As would I — oh, here’s a great opportunity for a pop quiz. Why SHOULDN’T I use my SF-loving boyfriend as a first reader?
If your first impulse was to cry out, “He’s double-disqualified! He’s more or less kith and kin, AND he doesn’t read either adult fiction or memoirs on a regular basis! What’s that he’s reading on the couch right now, yet another SHARPE novel?” you get an A.
More on the care and feeding of first readers follows in the days to come, of course. In the meantime, keep up the good work!
17 Replies to “A few words on feedback, part II: just when you thought that ex might come in handy”
Happy holidays, Anne, and thanks for another great post on this subject. I certainly agree with you that this is the logic that applies to almost every situation. However, most people tend to believe that there are exceptions to every rule, and of course they tend to believe that they fall into that minority that is the exception. Especially when it comes to issues like this.

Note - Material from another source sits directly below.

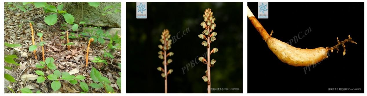 1.天麻全株2.天麻花序3.天麻塊狀根

Interestingly, I’ve read several published authors who noted that their spouses were their first reader/editor. Stephen King, Orson Scott Card, and Bill Watterson (who wrote/drew the comic strip Calvin and Hobbes, and thus wasn’t truly in this industry) all come to mind. I’m sure your readers could come up with many other examples.

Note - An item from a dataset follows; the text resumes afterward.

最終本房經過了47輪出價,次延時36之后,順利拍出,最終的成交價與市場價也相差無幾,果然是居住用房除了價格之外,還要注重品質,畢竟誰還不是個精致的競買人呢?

There are two points that I’d like to make on this score. First, readers would do well to remember that what a person says when publicly thanking his/her beloved is not necessarily the full truth. Secondly, most of these writers noted looking for general reaction from their spouse, usually on a chapter-by-chapter or realism basis, rather than on a line-by-line basis. But I’m sure that varies. At any rate, aspiring writers would do well to not just blandly take such comments of published writers at face value.
That said, I do believe that my wife is an incredibly valuable first reader/editor to me, even on a line-by-line basis (and I believe I have a good litmus test for objectively determining that she is — more on that below). First of all, she has a degree in comparative literature, and is a voracious reader of the same genres I write in — she’s much wider read than me in general, actually. Secondly, she’s done enough writing to know what she’s doing. She hasn’t written as much fiction as I have, but it’s not a race.
All of that just gets her into the ball field of being a potential first reader, except for that pesky issue that she’s my spouse — and that’s where my litmus test comes in. Ask yourself this: would you or your spouse be offended/upset/surprised/displeased by trading constructive critiques post-coitus? As in, “that wasn’t very good for me?” If you’re uncomfortable answering that to yourself (don’t tell me — I really don’t want or need to know) then that means that your spouse probably can’t be your editor regardless of his/her other qualifications.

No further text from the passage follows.